WITH TopStations AS (
    SELECT 
        start_station_name,
        COUNT(*) AS total_rides
    FROM 
        combined_tripdata
    GROUP BY 
        start_station_name
    ORDER BY 
        total_rides DESC
    LIMIT 10
)
SELECT 
    ts.start_station_name,
    ts.total_rides,
    ct.member_casual,
    COUNT(ct.member_casual) AS rider_count
FROM 
    TopStations ts
JOIN 
    combined_tripdata ct
ON 
    ts.start_station_name = ct.start_station_name
GROUP BY 
    ts.start_station_name, ct.member_casual, ts.total_rides
ORDER BY 
    ts.total_rides DESC, ts.start_station_name;
"""

# Execute the query and fetch the results
top_stations = pd.read_sql(query, conn)

# Pivot the results for better visualization
pivot_table = top_stations.pivot(index='start_station_name', columns='member_casual', values='rider_count').fillna(0)
pivot_table['total_rides'] = pivot_table.sum(axis=1)
pivot_table = pivot_table.sort_values('total_rides', ascending=False)

# Plot the results
pivot_table[['casual', 'member']].plot(kind='bar', stacked=True, figsize=(12, 6))
plt.xlabel('Start Station Name')
plt.ylabel('Number of Riders')
plt.title('Top 10 Stations by Number of Riders (Casual vs Member)')
plt.legend(title='Rider Type')
plt.xticks(rotation=45, ha='right')
plt.grid(True)
plt.tight_layout()
plt.show()

### Summary

The season for the bike share satrts in March and peaks around July and August with members lasting longer into September. 
Casual riders tend to use the bike share on the weekends with members using the bike share during the week.

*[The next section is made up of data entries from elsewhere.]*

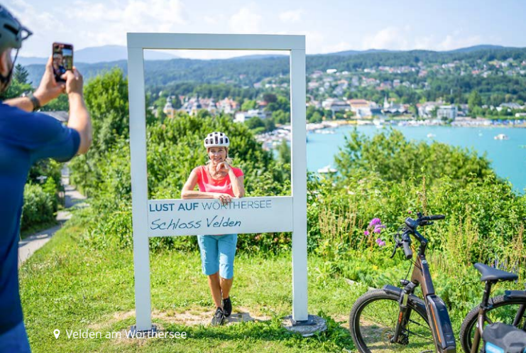
📍 Velden am Wörthersee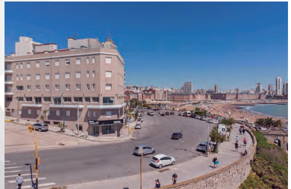
HOTEL PUNTA PIEDRAS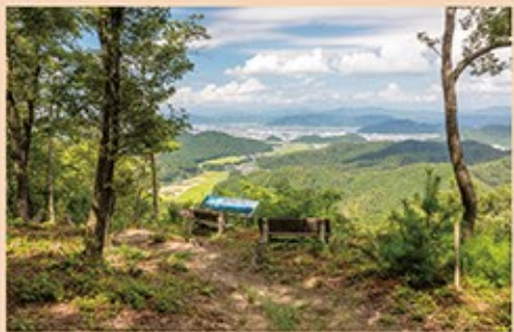
大坂山山頂。山頂広場は地元の方により整備され、ベンチのある展望台になっている。越前市街地はもちろん、日野山、村国山など越前市の山々から奥越の山々、見晴らしがよい日には白山まで見える

路となり、米、様々な食料品、日用品などが運ばれました。上り荷には打刃物、下り荷には京の織物などもありました。(※) 現在の馬借街道は整備され歩きやすくなっています。越前市広瀬町の西のほうに駐車場があり、そこから山道に入ります。登り口から約950mで大坂峠に到着。峠の少し下にも越前市街が見える場所がありますが、峠から10分ほど登った大坂山山頂の展望台では、さらに眺めが広がります。手前には今通ってきた広瀬町の集落も見えます。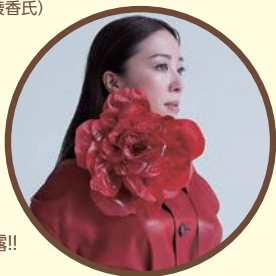
平原綾香氏 あいサポート運動 テーマソングを披露!!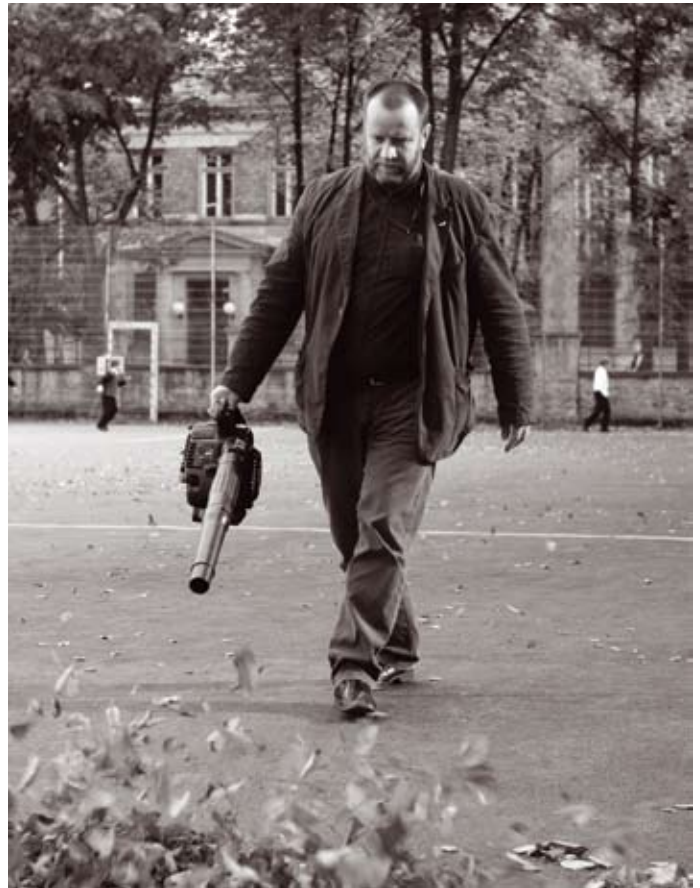
Veiko uut lehepuhurit testimas

Mis on järgmiseks? Minu arvates pole asjad ilma inimeseta mitte midagi väärt. Asi muutub kasulikuks, kui neid vahendatakse kellegi poolt. Eesrindlik olek ei väljendu selles, kui palju on võimalik asju kokku koguda, vaid kui palju suudetakse nende kohta edasi anda. See Eesti füüsika ja teiste loodusteaduste mustast august välja toomine on väga oluline. Üheks plaaniks on robotika kursuse toomine Reaalkooli õppekavasse juba algklassidest. Aine osa saaks olema tähtis, aga õppimine peaks toimuma läbi mängu. Nii on lastele seda kergem selgeks teha. «Pehmet Eestit» pole rohkem vaja, vaid vaja on «Reaalset Eestit» Heaks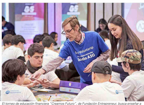
El torneo de educación financiera "Creamos Futuro", de Fundación Entrepreneur, busca enseñar a niños y niñas de forma lúdica, dinámica y simple nociones básicas para un correcto manejo de sus finanzas personales.

MÁS QUE FINANCIAMIENTO: UNA RED DE COLABORACIÓN Scotiabank INSPIRA no solo entrega recursos. También conecta a las fundaciones, voluntarios y redes de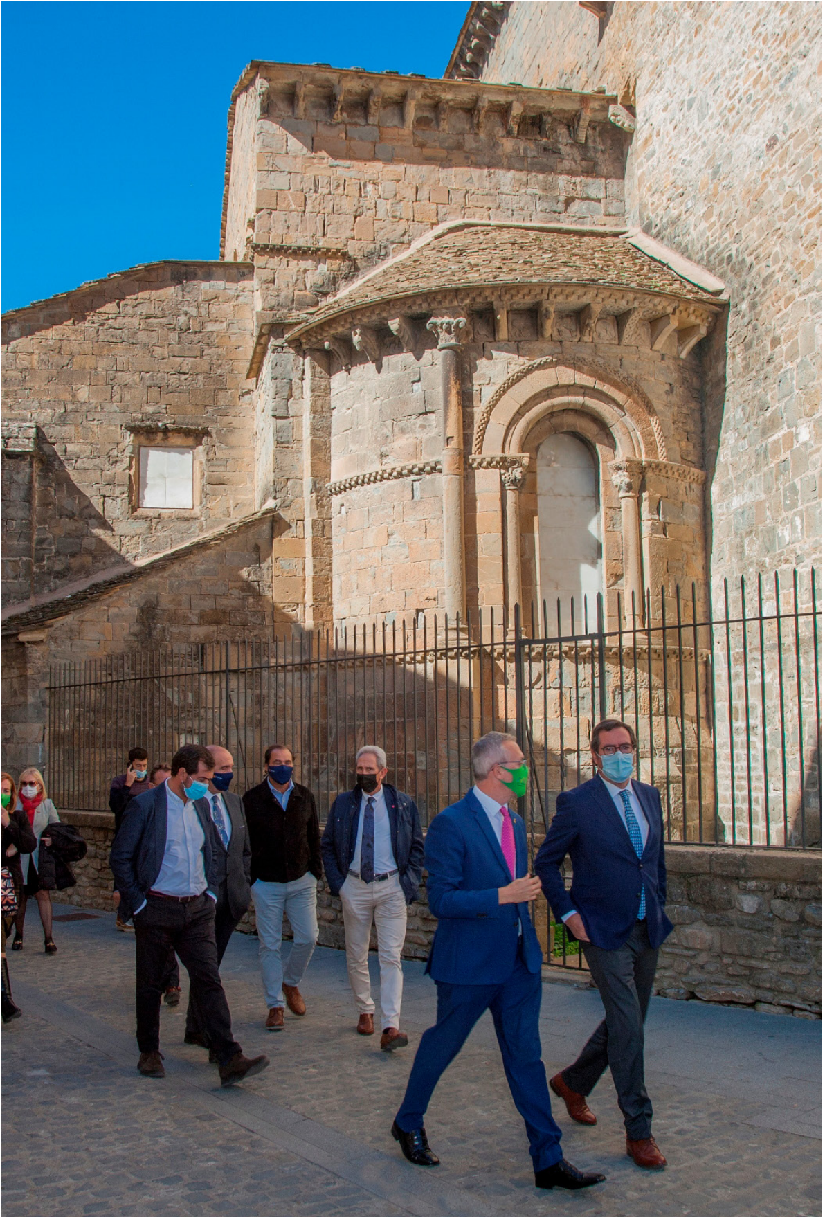
8/10/21 El presidente de CEOE en una de las paradas de 'El Camino de las Empresas' (Santo Domingo de la Calzada, La Rioja)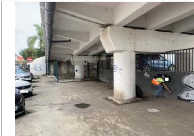
Vue d'ensemble de la hauteur d'eau atteinte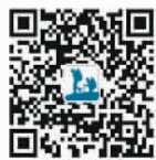
欢迎关注本版微信公众号“人民日报天下”

“不求所有,但求所用。”淳安县县委负责人说,在实现全面小康和特别生态功能区建设过程中,淳安对人才的渴求前所未有。接下来,淳安县将通过多种“柔性引才”,为生态保护和绿色发展提供“智力保障”,让绿色小康之路越走越宽。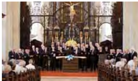
Kurz vor der feierlichen Entrollung der Fahne. Weitere Fotos auf den Folgeseiten.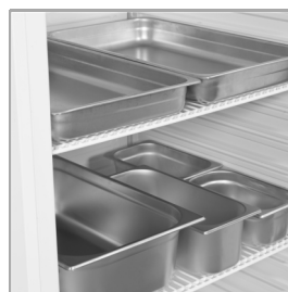
Conçu pour des bacs GN1/1, non fournis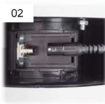
02 Connettere il cablaggio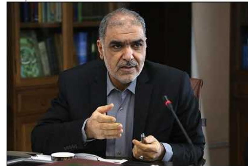
بازدید معاون وزیر راه و شهرسازی از پروژه های راه سازی کرمان - زرنند ، چترود - راور و پروژه صاروج پارس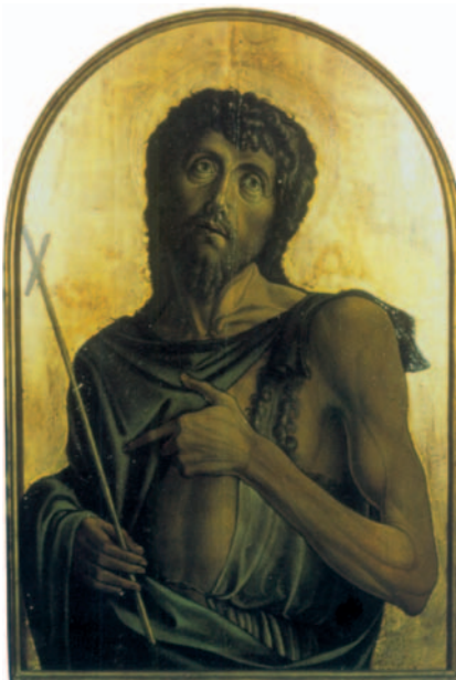
Sant Joan Baptista, pintura l'Alvise Vivarini (1445-1505). Museu Thyssen-Bornemisza, Madrid

Y recorrió toda la comarca del Jordán, predicando un bautismo de conversión para perdón de los pecados, como está escrito en el libro de los oráculos del profeta Isaías: «Una voz grita en el desierto: Preparad el camino del Señor, allanad sus senderos; elévense los valles, desciendan los montes y colinas; que lo torcido se enderece, lo escabroso se iguale. Y todos verán la salvación de Dios.»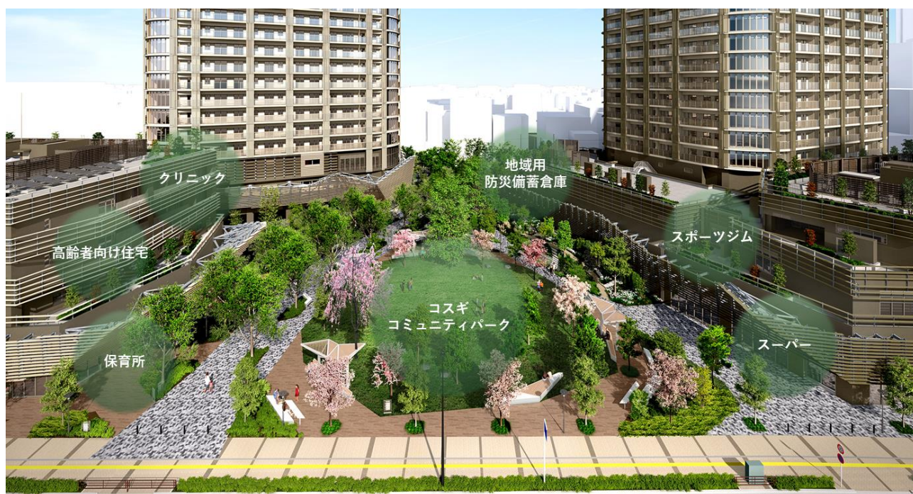
▲施設全体 完成予想 CG

本物件の特長である「まち一体型複合開発」により、入居者が自らのライフステージに応じて、自己の健康増進や子育て、高齢福祉サービスを受けることが可能になり、多様な世代の人々が、生涯にわたって安心して豊かに暮らし続けるための環境を備えました。また、地域に開かれた空間づくりにより、自然を感じ安心できる空間と交流の場を設け、昔からある住宅街の穏やかな暮らしとタワーレジデンスの先進的な暮らしが調和することで、新しい暮らし方を提案いたします。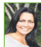
Bryndis GSM: 773 7400

talent@talentradning.is bryndis@talentradning.is Sími: 552-1600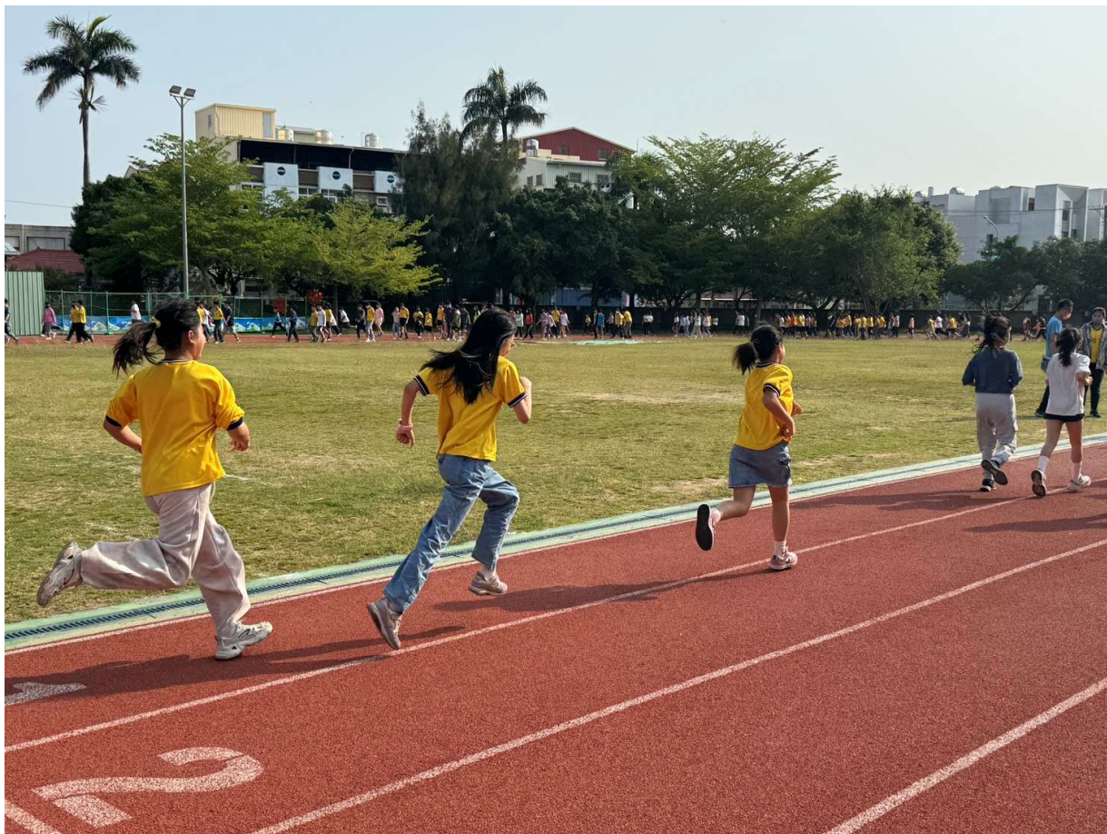
學生朝會後，全校大跑步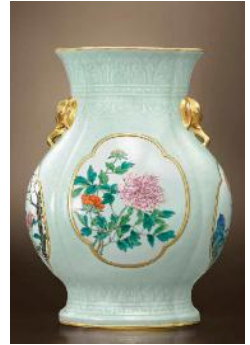
清乾隆 粉青地粉彩开光四季花卉纹 象耳海棠式壶 六字篆书款 高 14 3/4 寸 (36.2 公分)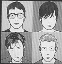
the best of / blur

Music is moistened our life. Tasteful album is here. We'd like to find your recommended one.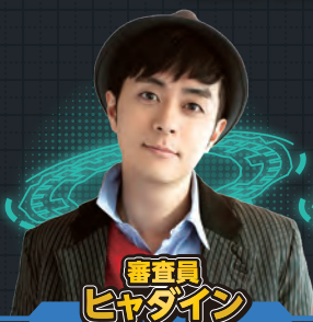
審査員 ヒヤダイン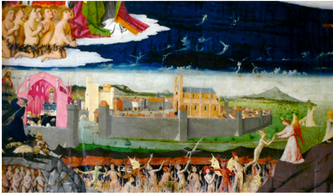
(Détail : Rome)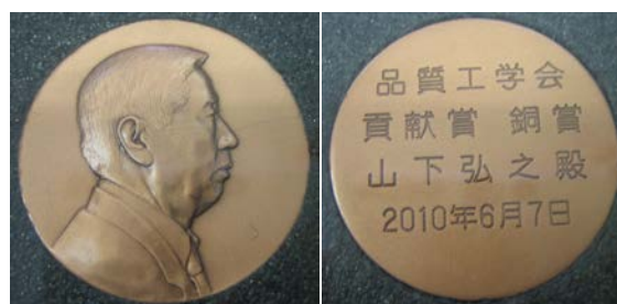
品質工学会 貢献賞 銅メダル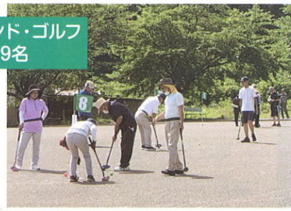
グラウンド・ゴルフ 参加者59名

こういったイベントが少しでも地域の活性化、個人においては、運動不足の解消、健康増進の一助となることを期待いたします。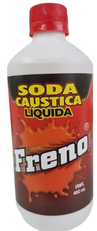
DESTAPA CAÑERIAS LÍQUIDO*480 ML(30) 7707229244002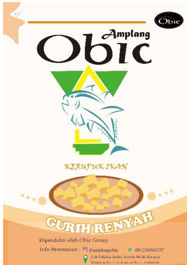
Gambar 4.9 Poster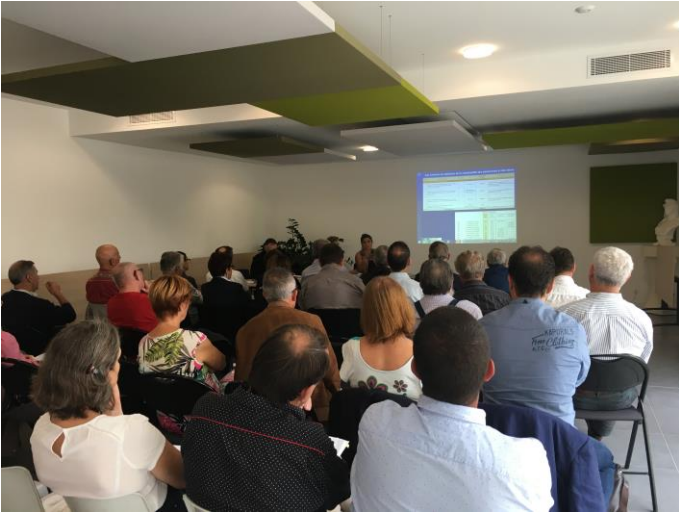
COPIL PAPI du 14/09/2017 à Candillargues @Symbo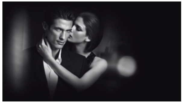
Características de un buen amante (primera parte)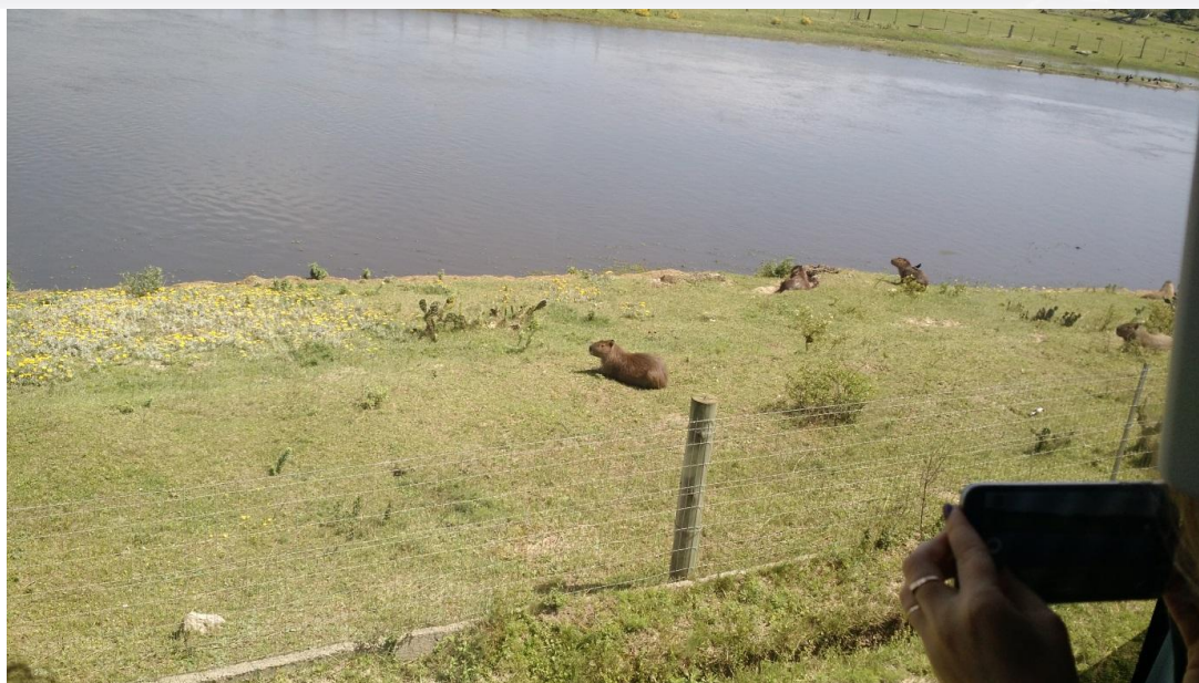
Figura 3 - Capivaras na Reserva Ecológica do Taim/RS.

Além disso, a Estação Ecológica do Taim, também é um importante berçário das aves migratórias, que viajam milhares de quilômetros de norte ao sul (Ártico e Antártida). A estação raramente sofre com a seca, pois as chuvas nessa região são abundantes e bem distribuídas, fazendo com que os ecossistemas funcionem com regularidade de precipitação, umidade e outros fatores climáticos.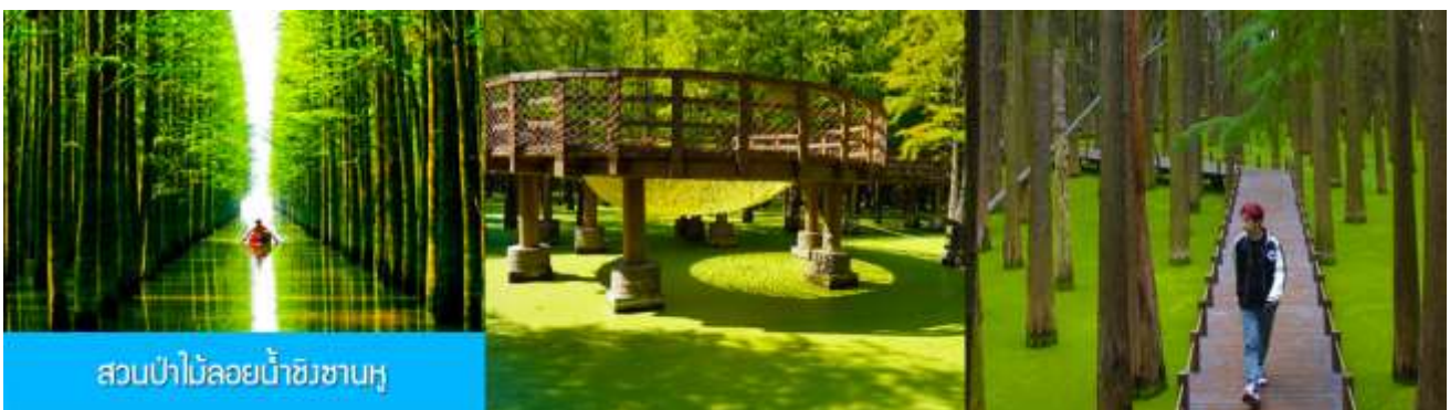
สวนป่าไม้ลอยน้ำชิงซานหู

หลังอาหารเช้าท่านเดินทางโดยรถบัสสู่เมืองหลิงอัน 临安市 (ระยะทาง 175 กม. ใช้เวลาเดินทางราว 2 ชั่วโมงเศษ)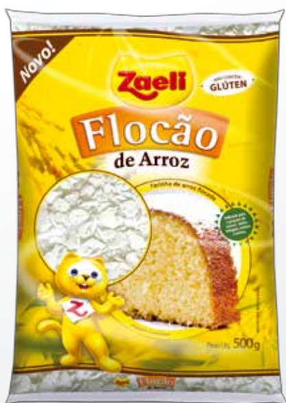
Flocão de Arroz Copo de Arroz "Flocão" Flakes Rice SAP: 100107 | 10x500g DUN 14: 1 789618390643 3 EAN 13: 7 89618390643 6 NCM: 1904.90.00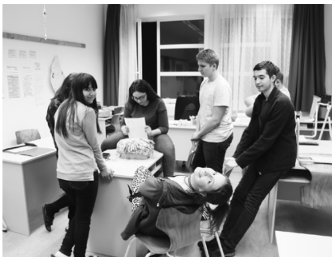
Élveztük a vetélkedőt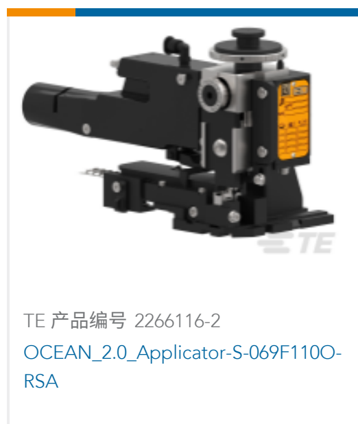
TE 产品编号 2266116-2 OCEAN_2.0_Applicator-S-069F1100-RSA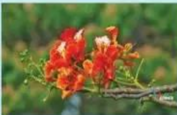
Hoa phượng vĩ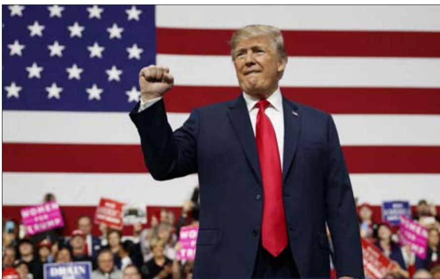
ترامب يلبس جلد بوش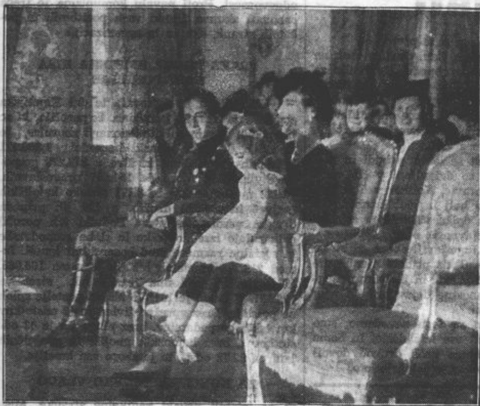
Podobno našim božičnicam imajo Srbi kot predbožično proslavo »materice«. Na sliki vidimo proslavo materice na dvoru. — Levo Nj. Vel. kralj Peter II., desno Nj. Kr. Vis. kneginja Olga s princeso Elizabeto.

ki naj bi se pogajal s podjetjem. Domnevalo se je, da se skrivajo za stavko neki ljudje, ki so imeli pri tem svoje posebne cilje in ne podpreti zahteve rudarjev po zvišanju mezd. Pred novim letom se je delavstvo vrnilo na delo in sedaj je pričelo v rudnikih normalno obratovanje.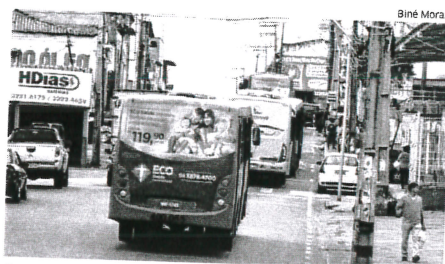
Caso os rodoviários decidam pela greve, ônibus podem parar em SL.

Trabalhadores se queixam dos constantes atrasos de salário e benefícios da categoria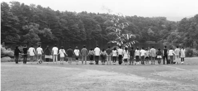
▲ この出逢いを大切に…

紅獅子旗を懸けた県少年野球選手権大会が8月8～9日、本宮市などで行われ、只見中スポ少Aが見事、第3位になりました。9日の準決勝では安積中Aと対戦し惜しくも敗れましたが、参加414チーム中の第3位はすばらしい成績です。この大会は県内7地区の予選を勝ち抜いた16チームがトーナメントで優勝を争いました。只見中には賞状や銅メダルなどが贈られました。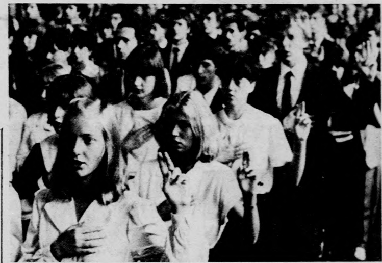
Az elsőövesek eskütétele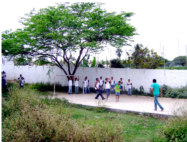
Imagem 03: Quadra de futebol

estes espaços, culturalmente são dados para que as pessoas apresentem comportamentos de acordo com movimentos produtivos, dependendo da condição física, mental e social, para que possam aprender e raciocinar o espaço, relacionar-se e se movimentar, para uma linha de produção dentro de um sistema.

There are large areas for conversion at the #1 ranked station with 4000 casual rides taken from that station and 6000 membership rides. It looks like this area could be a good target area for commuters. Same with the #2 ranked station. 
There are twice as many membership riders as there are casual riders, showing a trend moving from casual riders to memberships. 
Both members and casual riders use electric bikes over classic bikes. With casual riders taking rides twice as long as members. 

### Recommendations 

Target Top 4 stations to convert casual members to memberships. Give discounted rate to commuters in that area for membership. Adverize in local businesses around top stations. Advertize in events around those areas.